Three men stand in an art gallery, looking out at us, while on the wall behind them hang two paintings, one showing a trio of suburban homes on grassy lawns, and one showing an iconic desert island with a single palm tree basking in the sun. Another white-cube space is inhabited only by two lonely landscapes, one showing the Eiffel Tower, one that same desert island.

These wee venues exist only on Twitter, and all the people and the art are created from the same emoji that you text to your friends. The art spaces make use of dashes, vertical bars, and spaces to create the walls, floors, and ceiling.

The diminutive rooms make up the Tiny Gallery, a Twitter bot launched just this month by Emma Winston, a musician, sound artist, and PhD candidate at Goldsmiths, University of London. Just over a hundred tweets have attracted a thousand followers so far. She created the project for an emoji-themed installment of a monthly competition staged by the website Botwiki. It took her about an hour, she told artnet News via email, using a platform called Cheap Bots Done Quick.

“I am quite drawn to the idea of rendering ‘high art,’ or at least stuff alluding to it, on platforms meant for bite-sized mass consumption like Twitter,” she told artnet News via email.

In another diminutive art space, the artist, or perhaps a curator, has apparently commissioned a dance performance. Before a wall hung with a landscape and a painting of a rainbow, several observers stand around as a woman in a red dress does a high kick. In the next tweet, another dancer has joined her, while the visitors from the previous tweet have moved on, replaced by others.

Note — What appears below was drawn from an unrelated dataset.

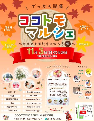 山梨県甲斐市で、心温まる交流イベント「第2回 ココトモマルシェ」が開催されます。テーマは“ココでトモだちになろう”。世代を超えてつながりを感じられるマルシェです。

Some of the emoji recall the work of specific artists, a phenomenon that has also given rise to the #emojiarthistory trend.

A factory icon, for example, suddenly becomes an image by Bernd and Hilla Becher. The Statue of Liberty emoji could be a silkscreen by Andy Warhol, and a mountainous landscape becomes a painting by Fredric Edwin Church—or an Ansel Adams photograph.

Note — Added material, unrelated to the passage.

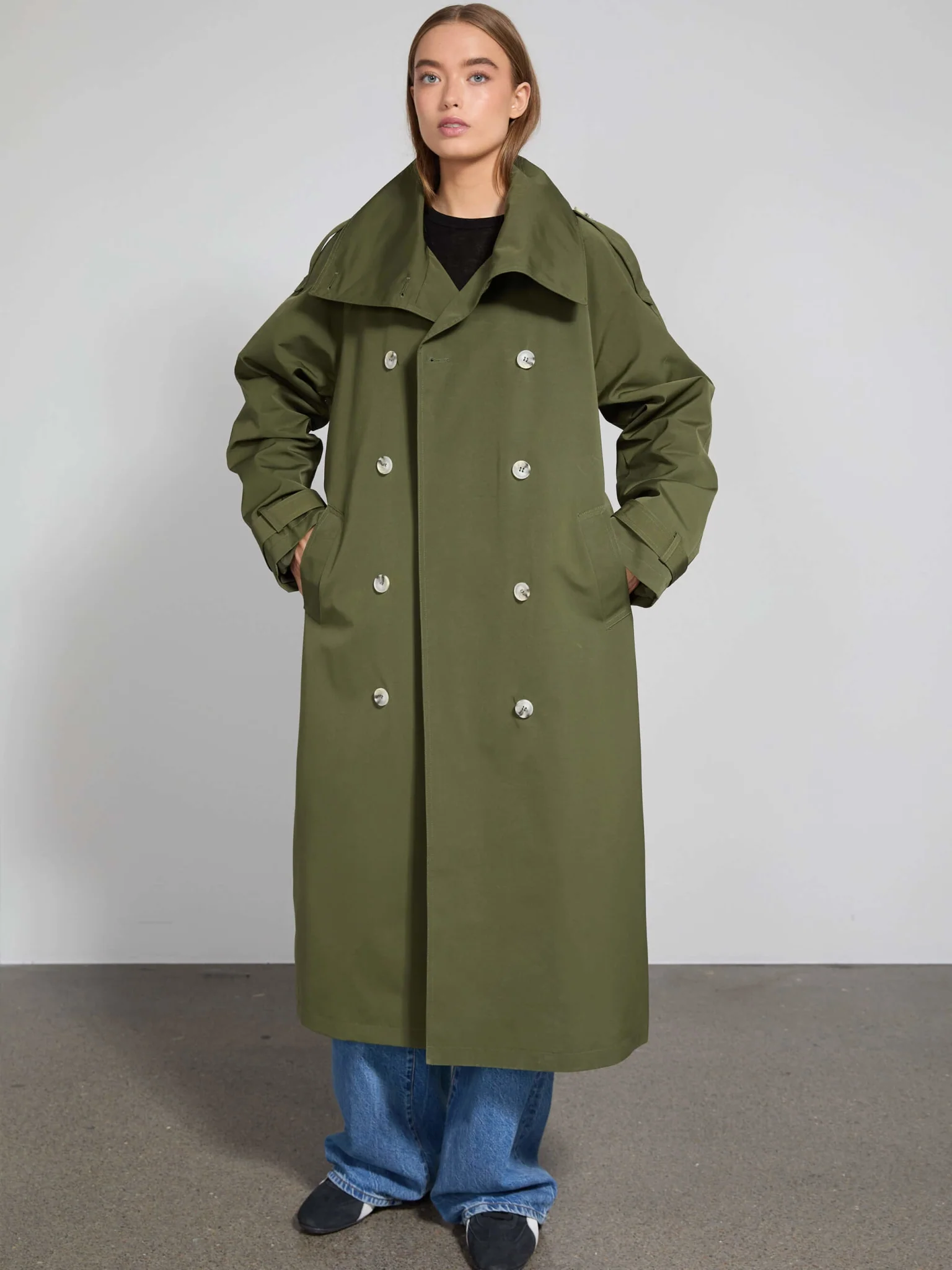 An oversized, menswear-inspired trench coat made from a fully lined, lightweight nylon fabrication offering a water-repellent feature. Bello Coat is designed with a double-breasted button closure, wide collar, shoulder epaulettes, sleeve straps and a belt to highlight the waist.

Those are, she says, “entirely happy accidents.”

Various artists have brought their creative talents to bear on the popular emoji. Yung Jake uses them to create celebrity portraits, while Hyo Hong has created emoji using Cindy Sherman’s many faces. Kamran Kastle, for instance, took to Kickstarter to support his project of translating the entire Bible into emoji.

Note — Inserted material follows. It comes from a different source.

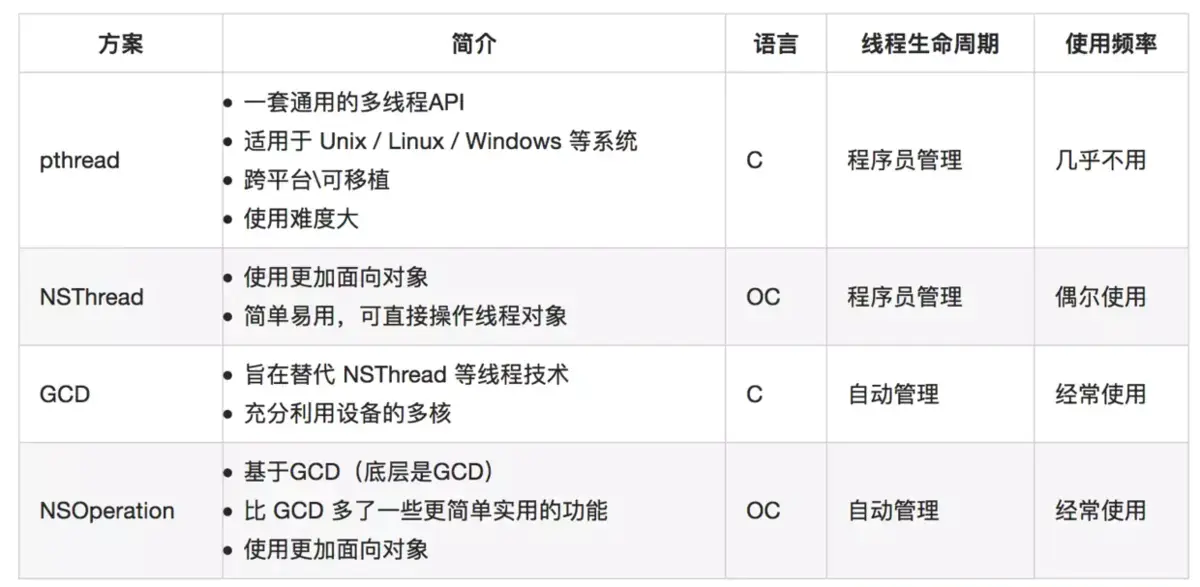 3、NSOperation: iOS2.0的时候就出现了(当时不好用,后来苹果对其进行改造)。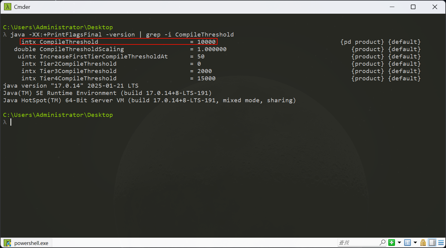 java -XX:+PrintFlagsFinal -version | grep -i CompileThreshold

It’s not clear whether the establishments we’re visiting at the Tiny Gallery are museums or galleries. We don’t see any guards, whose presence would suggest the former. And as with most commercial galleries, there’s no price list in sight.

The artist is content with that ambiguity, she says.

“A cop-out answer, but a true one,” she wrote: “the gallery is whatever you want it to be.”